7. Historical and rhetorical framing offered by coverage
Reporters and commentators placed the exchange in a longer pattern of personal attacks by Trump on female journalists — coverage recalled prior instances (for example, other derogatory nicknames reported in the past) and linked the remark to broader concerns about the tone of presidential interactions with the press [3] [9].
8. Limits of the available reporting
Available sources uniformly report the gaggle, the wording and the Bloomberg connection, but differ in how explicitly they identify the reporter [3] [1]. Sources do not provide a contemporaneous statement from Catherine Lucey herself in these items, and available reporting does not include any on-the-record apology from the president to the reporter [2] [4].

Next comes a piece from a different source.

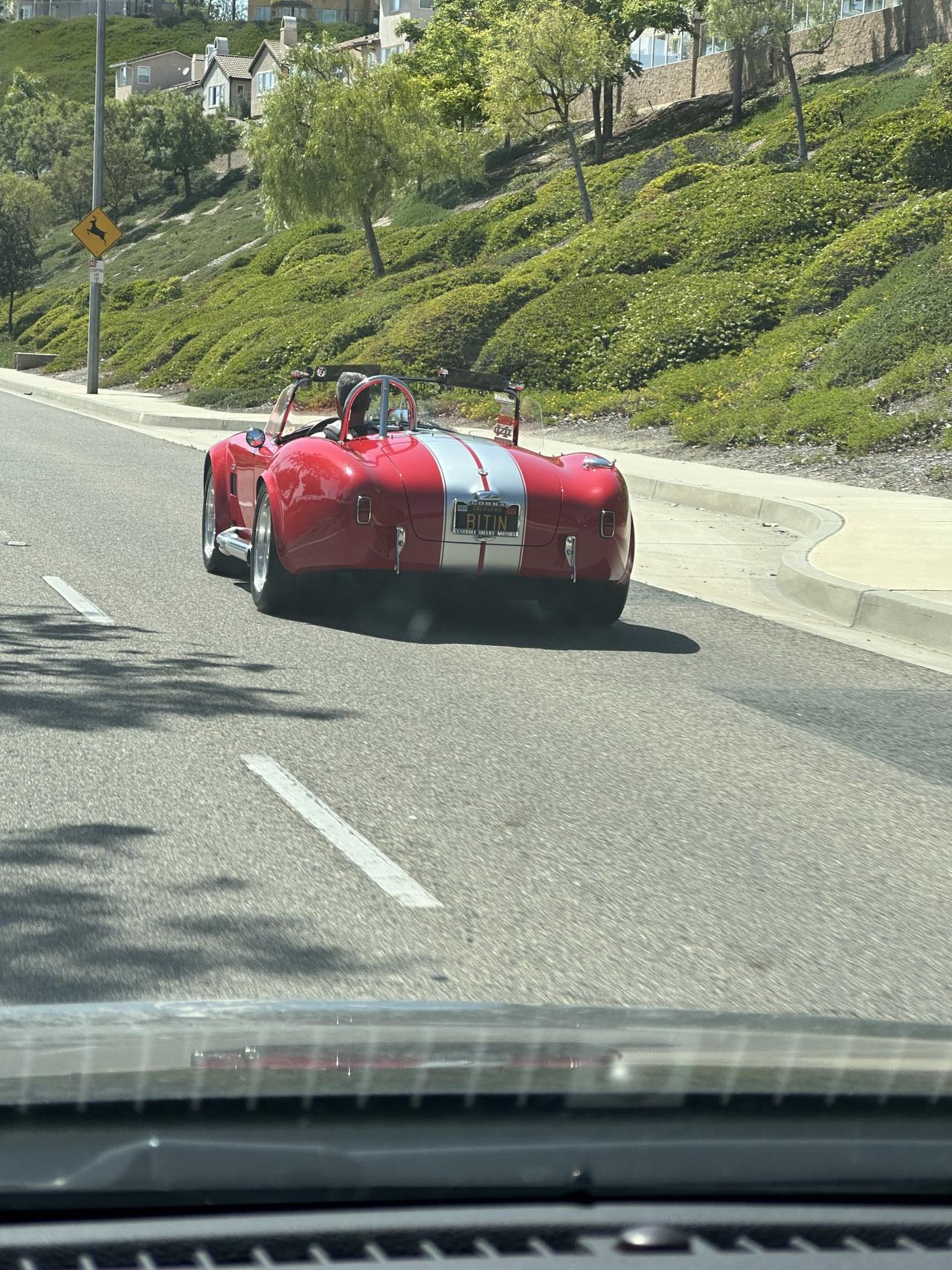 看车牌框,车行以卡罗尔·谢尔比 (Carroll Shelby)的名字命名,如果它是原厂的? 这种1960年代的 Shelby Cobra 427 原厂车,拍卖起步价基本都是 100万美金往上,顶级的甚至能冲到 500万美金。

9. Why this matters — public trust, transparency and norms
The episode intersects two public-interest threads: transparency about Epstein-related records and norms of presidential conduct toward the press. Coverage highlights how a charged subject (Epstein emails) can provoke an abrasive presidential response that media critics say undermines professional norms; the White House defense frames it as routine pushback in a contentious political environment [1] [5] [3].
10. Bottom line for readers
Multiple mainstream outlets documented that President Trump called a Bloomberg reporter “quiet, piggy” while she questioned him about Epstein emails, with many stories naming Catherine Lucey and others citing a Bloomberg reporter via CBS reporting; the full video was released by the White House and provoked both criticism and a White House defense in subsequent coverage [1] [4] [5].